Roche files skin cancer drug in USA and Europe

by | 12th May 2011 | News

Roche is seeking approvals for vemurafenib, which the firm says is "the first personalised investigational medicine to have shown a significant overall survival benefit in metastatic melanoma".

Roche is seeking approvals for vemurafenib, which the firm says is “the first personalised investigational medicine to have shown a significant overall survival benefit in metastatic melanoma”.

Specifically, Roche has filed vemurafenib with the US Food and Drug Administration and the European Medicines Agency for approval for people with BRAF V600 mutation-positive metastatic melanoma. It has also submitted an application for the approval for a companion diagnostic.

Vemurafenib, which has been developed with USA’s Plexxikon (which was acquired last month by Daiichi Sankyo) inhibit a mutated form of the BRAF protein found in about half of all cases of melanoma, the deadliest and most aggressive form of skin cancer. The submissions are based on two successful studies.

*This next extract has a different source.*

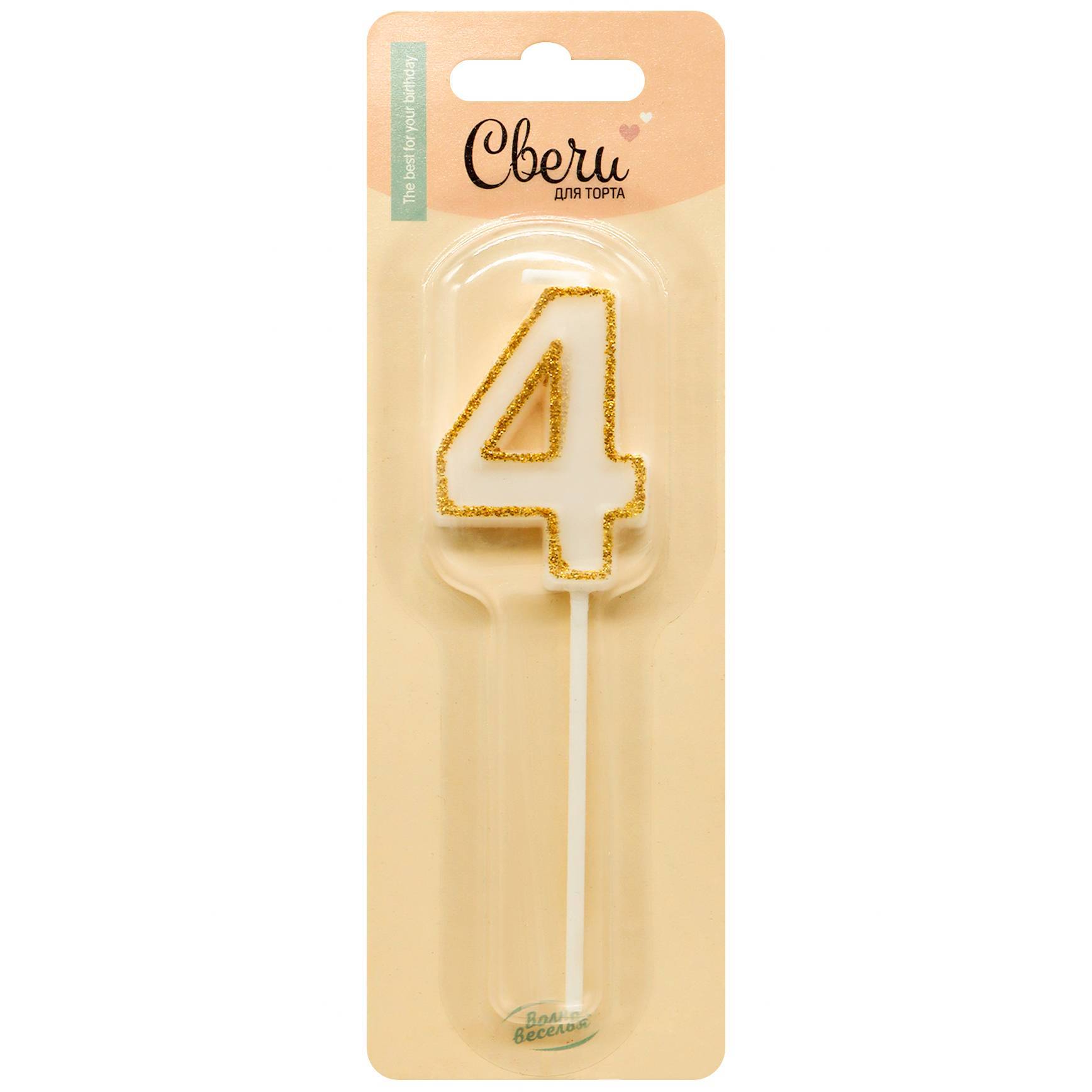 Свеча Цифра, 4 Золотой кант, на шпажке, Белый, с блестками, 4,5*5 + 7 см, 1 шт. с держат.

In BRIM3, a 675-patient Phase III trial, participants who received vemurafenib lived longer and also experienced better rates of progression-free survival compared to those who received dacarbazine chemotherapy, Full data will be presented at the American Society of Clinical Oncology meeting in Chicago next month.

The BRIM2 132-patient Phase II study showed that vemurafenib shrank tumours in 52% of trial participants. Patients lived a median of 6.2 months without their disease getting worse.

Hal Barron, Roche’s chief medical officer, said that “we have worked swiftly to advance the vemurafenib development programme knowing that patients with metastatic melanoma have a poor prognosis and limited treatment options”. He added that the regulatory submissions of the drug and the companion diagnostic to identify people with the type of melanoma specifically targeted by this medicine “are exciting steps toward our goal of delivering a personalised therapy for this disease”.

Analysts believe that the path to approval should be fairly straightforward, given the unmet medical need and the strong efficacy data Roche has submitted.